The Āyurvedasūtra even connects īśvara (the Supreme Soul or God) to diet. Yogasūtra 1.24 states: “The Supreme Soul is a special Soul, untouched by the stock of the consequences of actions and afflictions.” Āyurvedasūtra 4.14 echoes this sūtra, but adds an explanatory clause: “... because of the [movement of] the dhātus, from absorption in prāṇa, produced by the salty taste.”
The commentary on ĀS 4.14 explains further: “The salty taste produces tamas, which is the root cause of ignorance (avidyā), the first affliction (kleśa), and the ground for all the other afflictions: egoism (asmitā), attachment (rāga), aversion (dveṣa), fear of death (abhiniveśa).” These afflictions are the subject of the beginning of chapter two of the Yogasūtra and the cause of the misidentification of puruṣa (the soul) with prakṛti (material nature), which causes suffering. Liberation is ultimately reached by discerning the difference between these two.
The Āyurvedasūtra appears to be part of a tradition of synthesis, similar to the Haṭhapradīpikā and Yoga Upaniṣads, which arose around the same time. It draws on many different texts including Vāgbhaṭa’s Aṣṭāṅgahṛdayasaṃhitā, various Upaniṣads, and two commentaries on the sūtras of the Pātañjalayogaśāstra: Bhoja’s Rājamārtaṇḍa and Rāmānandasarasvatī’s Maṇiprabhā. There is a strong emphasis on external practices leading to the internal, more advanced, states of yoga. Additionally, there is a repeated focus on eating foods with sweet taste. Perhaps we should all just eat payasam (rice pudding) or ice cream and we will be more sattvic and therefore closer to a yogic state?
What seems most important, though, is the underlying idea of making yoga practice applicable to a wider audience of householders. This is one of the defining characteristics of modern yoga. The desire to use the Yogasūtra as a foundation has also become an essential theme, with many teachers adapting its contents to support contemporary practice. It raises questions about the paramparā or transmission of these syncretic texts and the ongoing process of synthesizing and re-visioning knowledge, which leads to new forms of practice with new possible results. As this innovative text explores, by means of the union of yoga and Ayurveda one potentially has the means to achieve all four human aims and transcend both worldly and otherworldly limitations.
Sources
Āyurvedasūtram with the commentary of Yogānandanātha. Edited by Dr. R. Shamashastry. Mysore: Oriental Research Institute, 1989.

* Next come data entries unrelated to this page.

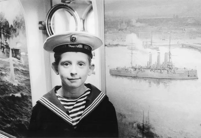 Выставку открывает портрет 11-летнего Сережи Камынина (заглавное фото к статье) – это одна из самых известных работ Дамманна, за которую он получил второй приз в конкурсе World Press Photo Award в 1998 году. Улыбающийся мальчик на фото – кадет Кронштадтского морского кадетского военного корпуса, основанного в 1995 году по распоряжению Анатолия Собчака. В отличие от «элитного» Нахимовского училища, где учились дети офицеров, в Кадетский корпус принимали сирот и детей из неполных семей, для которых это была возможность получить образование, одежду и регулярное питание.
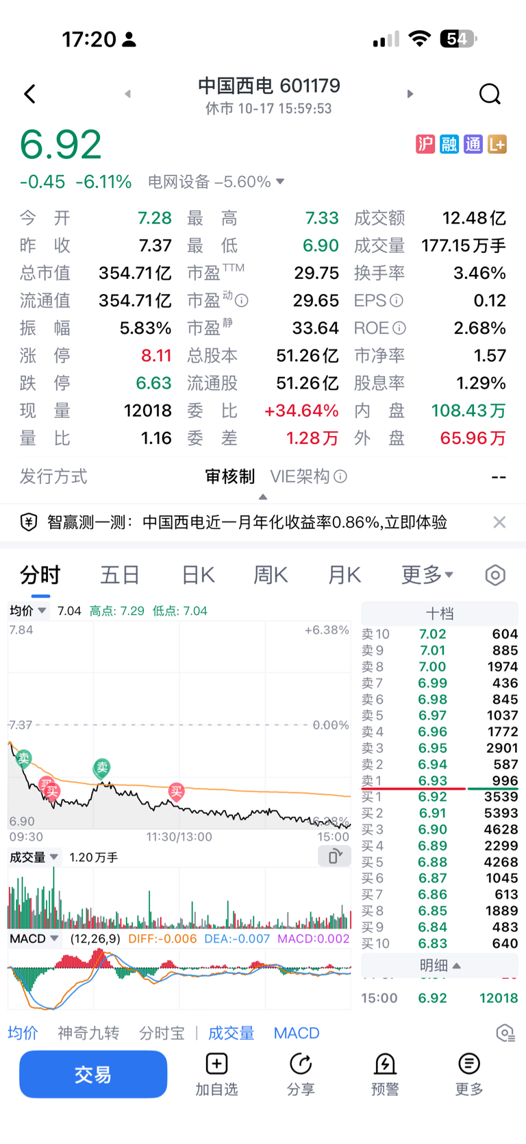 $中国西电(SH601179)$ 做T200手,再增持200手.现在半仓多一点点.继续看大戏.仓位管理非常重要.股价在6.3之前不会加仓了.但会盘中做T.
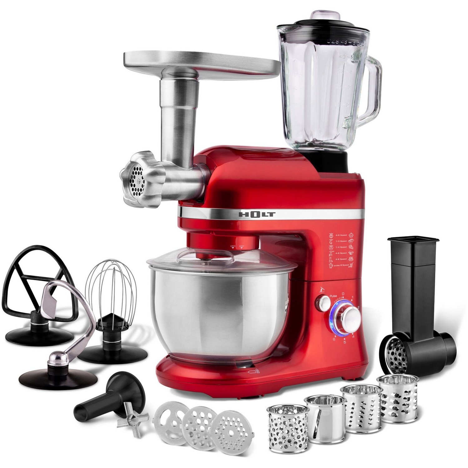 Многофункциональный кухонный комбайн 12 в 1 HOLT HT-FP-007, сочетает в себе мощный планетарный миксер, мясорубку с диском для рубленого мяса и насадкой для колбасы, овощерезку с теркой для драников и блендер с чашей из термостойкого стекла. Оснащен новым высокоэффективным ЭКО мотором, потребляющим 850 Вт при максимальной нагрузке и выдающим мощность равную 1250 Вт обычного мотора.
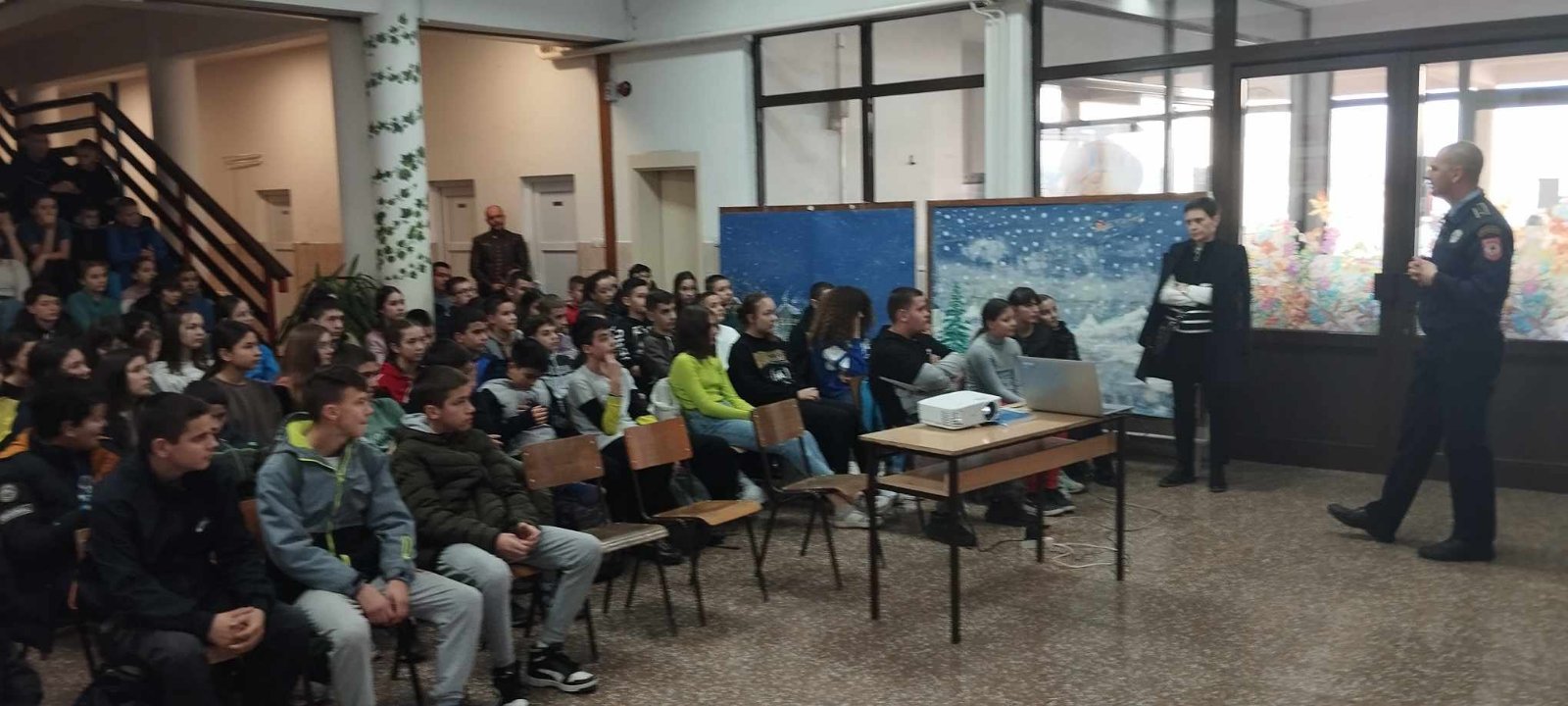 Како би новогодишњи и божићни празници прошли на миран и достојанствен начин припадници ПУ Бијељина Бобан Ковачевић и портпарол, Александра Симојловић  су данас у просторијама наше школе одржали едукативно предавање на тему „Петарде нису играчке“. Предавање је организовано у холу наше школе, а предавању су присуствовали сви ученици од 6. до 9. разреда. Ученици су информисани о могућим посљедицама које настају нестручним руковањем пиротехничких средстава, али и одредбама Закона који санкционишу употребу недозвољених пиротехничких средстава.

Meulenbeld, Gerrit Jan. A History of Indian Medical Literature. Groningen: E. Forsten, 1999-2002. 5v.
Pātañjalayogasūtram, with the Rājamārtaṇḍa of Bhoja Rāja. Vārāṇasī: Bhāratīya Vidyā Prakāśana, 1963.
Slatoff, Zoë. “The Birth of Modern Yoga: the Confluence of Yoga and Āyurveda in the Āyurvedasūtram.” M.A. Thesis. Columbia University, 2009.
Zysk, Kenneth G. “The Science of Respiration and the Doctrine of Bodily Winds in Ancient India,” Journal of the American Oriental Society 113.2 (Apr. - Jun. 1993).